Masaki Kobayashi's 'Kwaidan' Horror Films Are Horrifically Beautiful
The anthology or portmanteau horror film has been a popular variant within the horror genre for many years. Britain’s Ealing Studios introduced the format with their multi-director effort Dead of Night (1945) and the British production company Amicus made the format their own during the 1960s and 1970s, producing titles such as The House That Dripped Blood (Peter Duffell, 1971) and Asylum (Roy Ward Baker, 1972).
Perhaps less well known to Western portmanteau horror film fans is an impressive Japanese take on the format, Masaki Kobayashi’s Kwaidan (1964). Unlike the portmanteau horror films produced by the likes of Amicus, Kwaidan does not feature a wraparound framing device that connects each story in some way: each story is presented as being distinct from the others. Two formal commonalities that the stories do share are the onscreen title text that appears just as they are beginning and the presence of an unseen narrator who informs viewers of each tale’s basic premise.
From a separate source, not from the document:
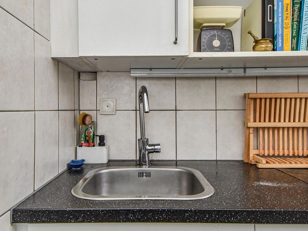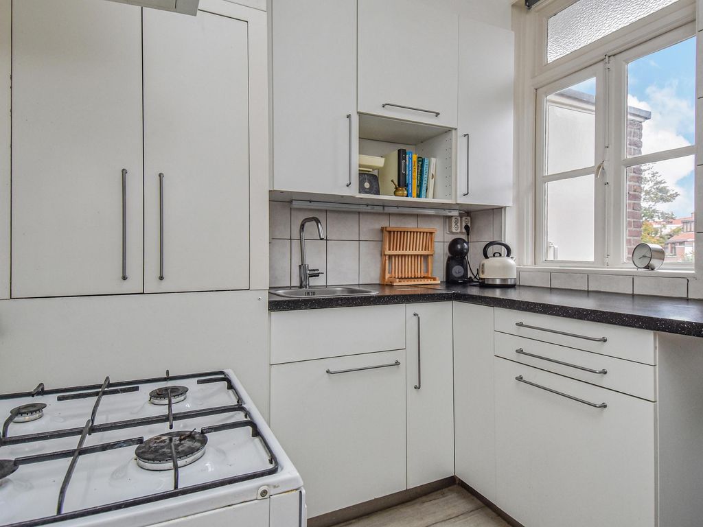 Nette keuken (ca. 2.98 x 2.31m) met 4-pits gaskookplaat, afzuigkap en deur naar het balkon.

While there are no major spoilers revealed below, it is, of course, necessary to discuss some aspects of each episode’s storyline in order to offer some indication of what they’re about. However, I appreciate that these kinds of twist in the tale-style stories are best enjoyed without any prior knowledge of their content. The next two paragraphs will therefore give a quick critical overview of the film for those who might not want to read the more detailed assessment that follows.
Kwaidan features four haunting tales that are set mostly in ancient Japan. It’s an expensive looking production that features brilliant art direction: sumptuous period costumes, exquisite lighting strategies, and a number of highly stylized studio sets that stand in for both interior and exterior diegetic locations. The film’s convincingly acted stories unfold in a mannered and unrushed way, which results in a lengthy running time of 183 minutes. However, Kwaidan‘s content is so engrossing and mesmerizing that clock watching will be the last thing on your mind when viewing this film.
Kwaidan should appeal to a wide variety of film fans, including fans of supernatural horror films who enjoy international filmmakers’ – and, more specifically, Japanese filmmakers’ – engagements with the genre. Similarly, there’s enough of a focus on period details, societal mores, and sword-wielding samurais for fans of Japanese historical-combat films. The stories are all quite different but they remain chilling in their own ways. Minimalist musical noises provided by Toru Takemitsu and a variety of intense and unsettling soundscapes all play a part in granting some of the stories a dreamlike quality. It would be fair to classify Kwaidan as a high-end art house horror film.
The Black Hair
A poverty-stricken but proud and ambitious samurai (Rentaro Mikuni) leaves his lowly wife (Michiyo Aratama) in order to take up a prestigious post in a distant province. We soon discover that he has married an unpopular noblewoman (Misako Watanabe) in order to secure this career advancement. His new wife is selfish and cold and the samurai is haunted by visions of his ex-wife, whom he now realizes was the love of his life. His world soon becomes invaded by intrusive fantasies in which he returns to his old home for a joyous reunion. However, when that fantasy becomes a reality a horrifying supernatural intervention occurs.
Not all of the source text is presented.